The consequence, in Field’s telling, is that businesses will need stronger points of view, not less. As AI floods the attention economy with more content, design becomes more important as a differentiator. Companies trying to stand out will need to be bold across software, brand, marketing, advertising, and product experience. In his formulation, AI can make people more effective, but the value of the tooling is that it lets designers apply human judgment across more of the production stack.
Model modularity supports a larger claim about where value moves
Asked whether the coding layer was built by Figma itself or whether the company is model- or coding-platform-agnostic, Dylan Field said Figma has “always taken a modular approach” to models. The company can swap models in and out on behalf of users or at a user’s request.
That modularity matters because Field sees code itself becoming less scarce. His claim was not merely that Figma can call different AI models; it was that as code “commoditizes,” value moves up the stack to design. In that context, the code layer is also a claim about where software creation is headed. If code generation becomes easier and more abundant, Field argued, the differentiating work shifts toward design.
Ed Ludlow framed one business implication bluntly: “Tokens equal revenues.” Field’s answer was that Figma is excited to be “part of that token flow” because of what it can mean for users and their ability to affect the platform.
The more expansive version of the claim is that designers may move further into software creation. Field said Figma believes that in the future “designers are the ones” who will be building all the software. The statement depends on the earlier premise: if AI makes implementation more accessible, the person with the product judgment and design intent can move further into creation instead of handing off a static design to a separate implementation process.
Brand assets and workflows become part of the system of record
Ed Ludlow brought in an audience question about whether Figma plans to become a platform for brand integration using MCP. The question described a user who might build a website in another application but still wants an AI agent to access a “ground truth”: owned IP, branding, logos, artwork, and related assets.
Dylan Field answered more broadly than brand integration alone.

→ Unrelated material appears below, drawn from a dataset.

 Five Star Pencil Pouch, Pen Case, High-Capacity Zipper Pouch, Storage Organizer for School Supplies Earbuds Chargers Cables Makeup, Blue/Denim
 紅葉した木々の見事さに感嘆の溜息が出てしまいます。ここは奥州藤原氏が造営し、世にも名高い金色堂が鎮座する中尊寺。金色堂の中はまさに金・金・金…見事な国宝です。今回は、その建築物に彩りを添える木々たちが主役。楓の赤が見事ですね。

He said Figma wants to do more for digital asset production workflows, including systems for advertising and media generation. The company’s bet here is Figma Weave, which Field described as a platform for composing models and workflows while preserving human craft.
The metaphor he used was shaping model output “like clay.” Weave, in his description, is meant to let users compose workflows, keep a human touch, and reach higher-quality outputs than a raw prompt might deliver. Those workflows can then be run through an API and pulled into other systems.

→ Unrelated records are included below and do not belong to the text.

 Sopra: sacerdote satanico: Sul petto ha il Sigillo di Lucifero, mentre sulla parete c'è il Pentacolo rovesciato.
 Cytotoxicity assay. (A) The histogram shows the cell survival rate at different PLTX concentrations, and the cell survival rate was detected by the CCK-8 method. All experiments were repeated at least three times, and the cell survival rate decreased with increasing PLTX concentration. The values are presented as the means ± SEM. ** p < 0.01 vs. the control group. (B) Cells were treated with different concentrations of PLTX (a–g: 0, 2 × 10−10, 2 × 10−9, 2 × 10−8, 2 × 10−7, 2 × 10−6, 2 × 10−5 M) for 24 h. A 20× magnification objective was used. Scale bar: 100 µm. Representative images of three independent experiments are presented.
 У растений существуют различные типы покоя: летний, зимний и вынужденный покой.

That answer positioned Figma not just as a repository for visual assets, but as a system of record for how those assets and brand expressions are produced. Field said the company is excited to be the system of record for brand assets, design systems, and the workflows themselves.
The distinction is important. A brand system in this framing is not only logos, colors, and reusable components. It also includes the repeatable processes that generate ads, media, product experiences, and other digital outputs. If AI agents are going to act on behalf of teams, Field’s answer suggests Figma wants them to draw from a system of record for brand assets, design systems, and workflows.